The hands of a wristwatch are joined to their pinion shafts with an interference fit. However, before the hands can be installed, the precise location of the watch face must be determined. That's because the height of the face inside the case can vary by several microns, due to tolerance buildups. If the hands are pressed too far, the watch could be damaged. To get this critical measurement, watchmakers use laser sensors.
Laser sensors work like any photoelectric sensor, except that the emitter is a laser instead of an LED, says Wayne Meyer, product manager for SICK Inc. (Bloomington, MN). Like all photoelectrics, laser sensors can operate in opposed, proximity and retroreflective modes. And, like all photoelectrics, laser sensors can be used to detect parts or part features in switching, counting and error-proofing applications.
However, laser sensors have distinct advantages over other photoelectric sensors, thanks to the unique qualities of their light source.

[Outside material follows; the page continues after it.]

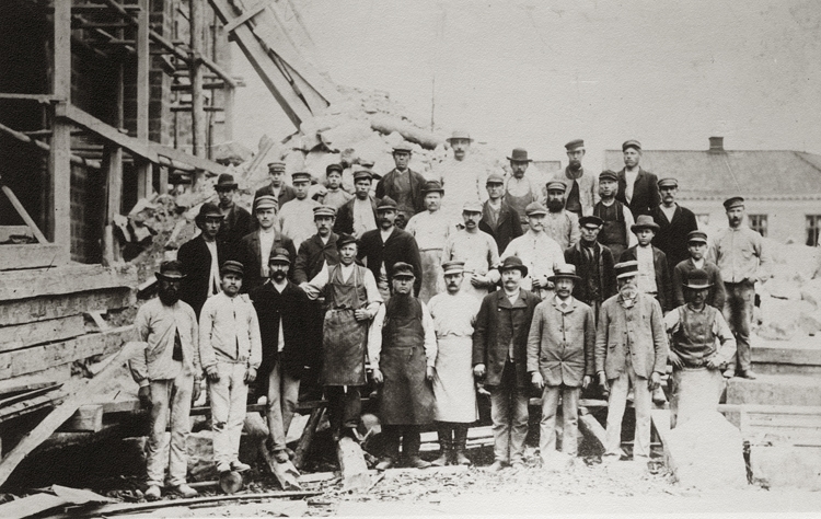 Byggarbetslag framför Skara domkyrka runt 1890.
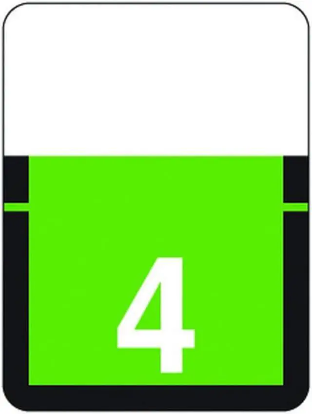 These Tab Compatible Numeric "4" Labels feature a wrap-around solid Light Green bar with a White "4". These labels are compatible with Tab Products top tab filing systems. Label Size: 3/4" W x 1" H, Before Folding.

Lasers produce high-energy light in a tightly focused, highly collimated beam. This enables laser sensors to detect very small objects at long distances, and it lets engineers set precise switching points. The dense, powerful beam cuts through airborne particulates better than other light sources. In addition, lasers produce a clearly visible spot or line of light, which helps with aiming the sensor.
"Laser sensors can detect an increment as small as 2 microns and do it very quickly-as fast as 300 microseconds," says Stephen Petronio, photoelectric product manager at Baumer Electric (Southington, CT).
These sensors can detect almost any material, including metal, plastic, rubber, wood and textiles. The material can be shiny or dull, light or dark, smooth or rough. Like all photoelectric sensors, however, laser sensors may have difficulty detecting transparent objects.
Besides object-detection applications, laser sensors can be used to measure distances or dimensions in gauging, inspection and positioning applications. Capable of measuring objects or distances with micron-level accuracy, these sensors have different receivers than object-detection sensors. Some models have a linear receiver that measures the angle of the light reflected back to the sensor. The sensor then determines the distance to the target through triangulation. Other models, known as time-of-flight sensors, calculate target distance by measuring how much time it takes for the laser light to get to and from an object.
"Triangulation sensors are used to measure short distances, as in assembly applications," says Meyer. "Time-of-flight sensors are used to measure long distances, as in material handling applications."
The range of laser sensors varies widely. Depending on the laser, receiver, application and sensing mode, the sensor's maximum range can be anywhere from 16 millimeters to 60 meters.
Assemblers need not be overly concerned with eye safety when using laser sensors, says Jeffrey Curtis, senior applications engineer with Banner Engineering Corp. (Minneapolis). The emitter is a Class 1 or Class 2 laser. A Class 1 laser does not produce optical radiation that is harmful to the human eye. A Class 2 laser is a little more powerful. Because of its brightness, a Class 2 laser is too dazzling to stare into for extended periods. However, momentary viewing is not considered hazardous.
When ordering a laser sensor, engineers should specify: the target material; target range; sensor resolution (the smallest distance or dimension the sensor must detect); footprint and mounting requirements; output signal; target speed; response time; environmental protection requirements; and connection requirements.
Ironically, the narrow focus of the laser can be the sensor's undoing in the wrong application, warns Meyer. For example, if there's excessive vibration or backlash in the positioning system, the laser could pass nearby the target without detecting it. In this case, a standard photoelectric sensor with a wide beam pattern would be more appropriate.